(What this task involves): Your answer must be a word-for-word copy of the listing, with all pictures excluded.

(Data shown):
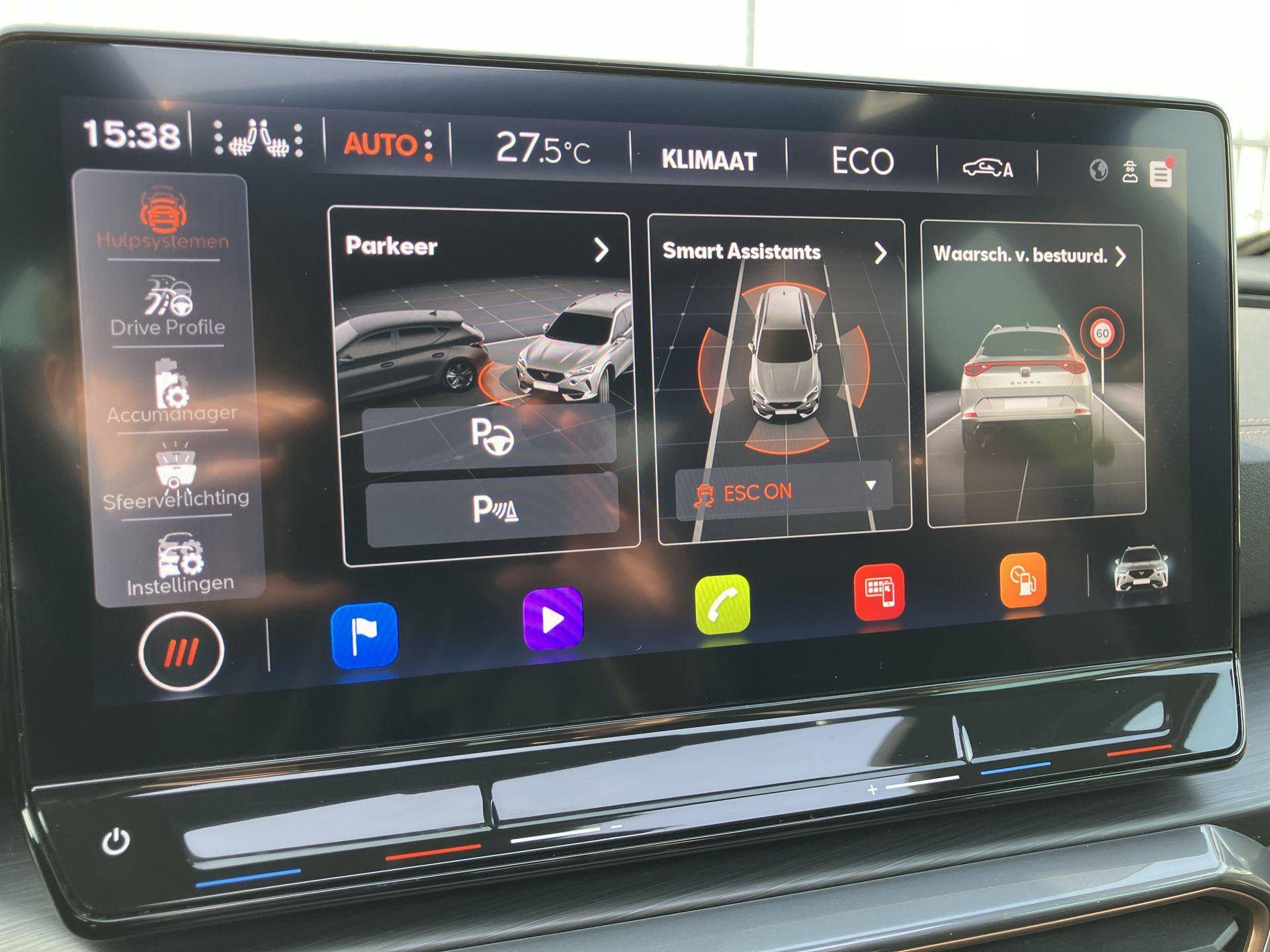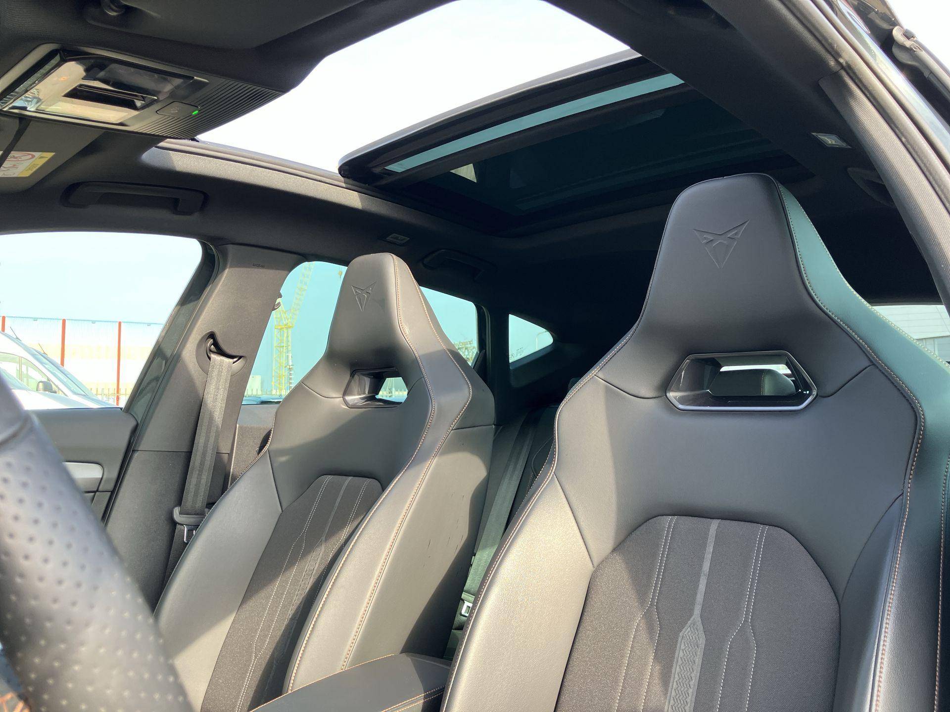 De eendrachtige samenwerking van de benzinemotor en de elektromotor geeft deze CUPRA Formentor zijn geweldige rijkwaliteiten. We nemen u in gedachten even mee. Stop uw bagage moeiteloos achterin dankzij de elektrisch bediende achterklep, neem plaats achter het stuur en zie meteen het luxe lederen interieur. Even het elektrisch bediende glazen panorama dak open en rijden maar! Regen, wind, hagel, sneeuw? Als het buiten guur is, doet de stoelverwarming z'n weldadige werk! Wind, sneeuw, hagel, regen... allemaal vergeten als u het verwarmd stuurwiel in handen heeft. Dankzij de matrix LED-verlichting geven de koplampen ook in het donker daglicht. In deze CUPRA profiteert u onder andere ook van: 19 inch lichtmetalen velgen, adaptief dempingsysteem, donker getint glas achter, in delen neerklapbare achterbank, LED-achterlichten en verstelbare lendensteunen.
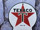 Vintage Texaco Gasoline Porcelain Enamel Gas Oil Sign 12”
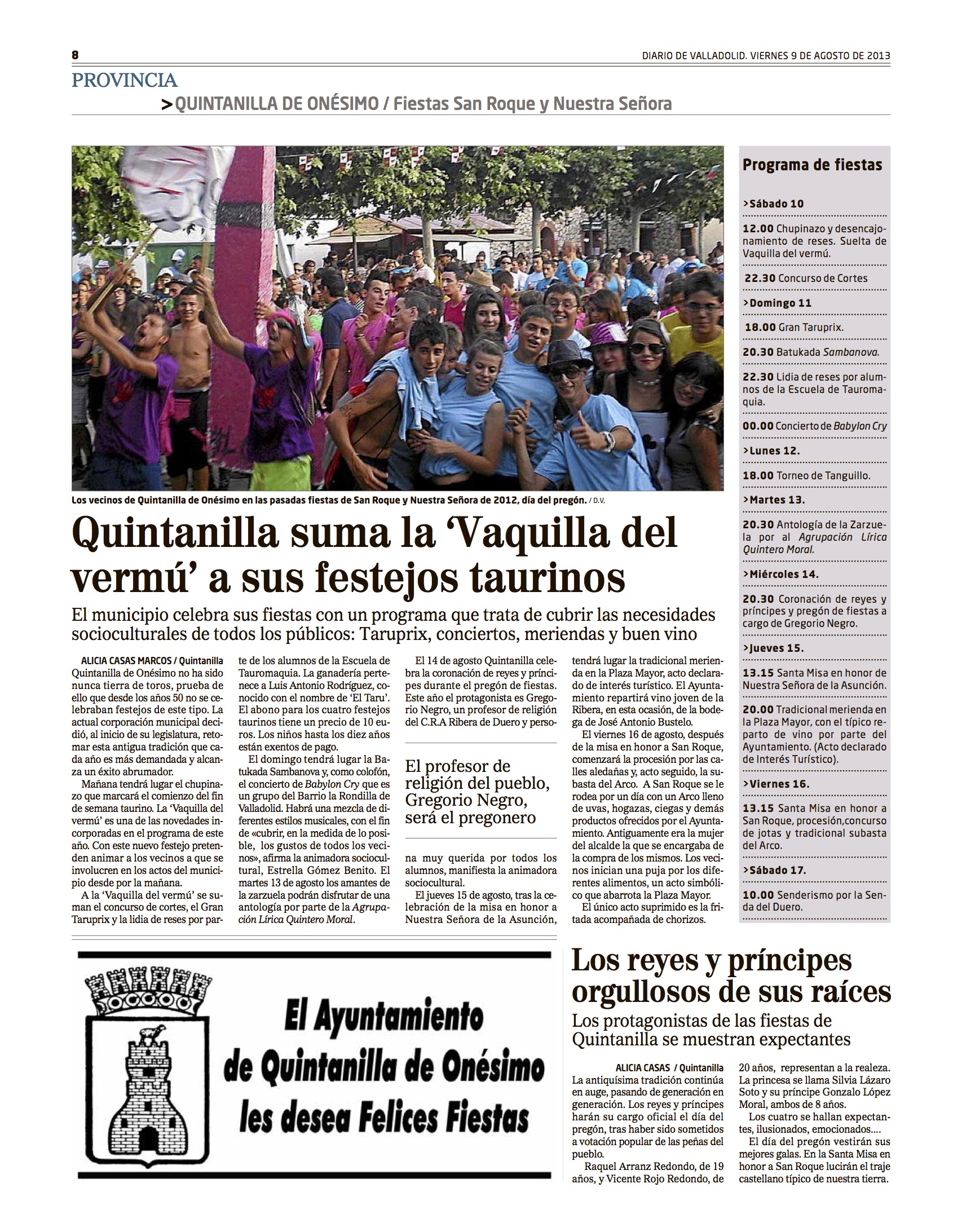 Quintanilla suma la ‘Vaquilla del vermú’ a sus festejos taurinos marzo 6, 2015 de Alicia Casas Marcos Deja un comentario Noticia publicada en El Mundo / Diario de Valladolid, el viernes 9 de agosto de 2013 Enlace a noticia en PDF Comparte esto: Haz clic para compartir en X (Se abre en una ventana nueva) X Haz clic para compartir en Facebook (Se abre en una ventana nueva) Facebook Me gusta Cargando... Relacionado
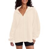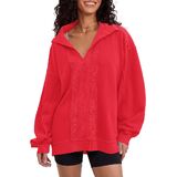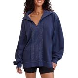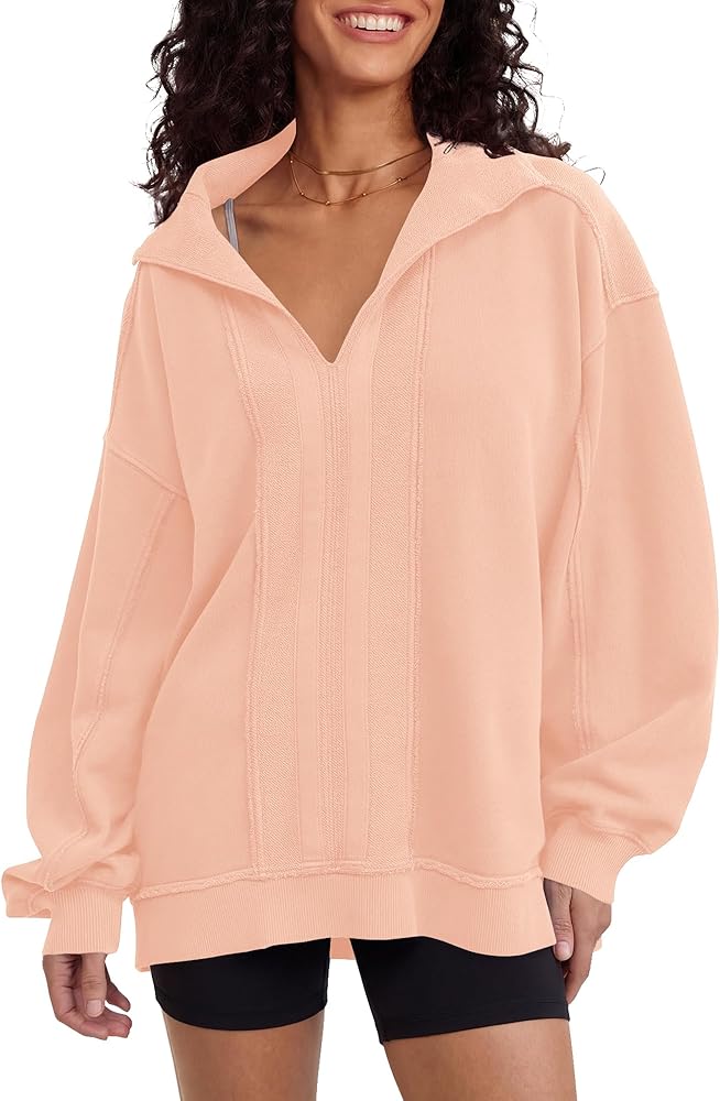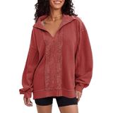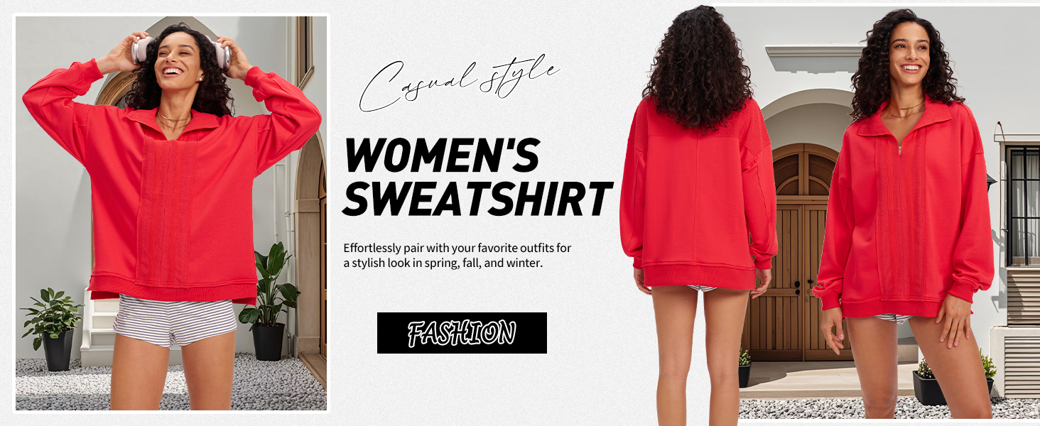 Trendy Design: Oversized pullover sweatshirt, off the shoulder long sleeves, ribbed hem and cuffs, fabric reversal design on the front placket and upper part of the back makes a statement

(Answer to the problem):
 De eendrachtige samenwerking van de benzinemotor en de elektromotor geeft deze CUPRA Formentor zijn geweldige rijkwaliteiten. We nemen u in gedachten even mee. Stop uw bagage moeiteloos achterin dankzij de elektrisch bediende achterklep, neem plaats achter het stuur en zie meteen het luxe lederen interieur. Even het elektrisch bediende glazen panorama dak open en rijden maar! Regen, wind, hagel, sneeuw? Als het buiten guur is, doet de stoelverwarming z'n weldadige werk! Wind, sneeuw, hagel, regen... allemaal vergeten als u het verwarmd stuurwiel in handen heeft. Dankzij de matrix LED-verlichting geven de koplampen ook in het donker daglicht. In deze CUPRA profiteert u onder andere ook van: 19 inch lichtmetalen velgen, adaptief dempingsysteem, donker getint glas achter, in delen neerklapbare achterbank, LED-achterlichten en verstelbare lendensteunen.
 Vintage Texaco Gasoline Porcelain Enamel Gas Oil Sign 12”
 Quintanilla suma la ‘Vaquilla del vermú’ a sus festejos taurinos marzo 6, 2015 de Alicia Casas Marcos Deja un comentario Noticia publicada en El Mundo / Diario de Valladolid, el viernes 9 de agosto de 2013 Enlace a noticia en PDF Comparte esto: Haz clic para compartir en X (Se abre en una ventana nueva) X Haz clic para compartir en Facebook (Se abre en una ventana nueva) Facebook Me gusta Cargando... Relacionado
 Trendy Design: Oversized pullover sweatshirt, off the shoulder long sleeves, ribbed hem and cuffs, fabric reversal design on the front placket and upper part of the back makes a statement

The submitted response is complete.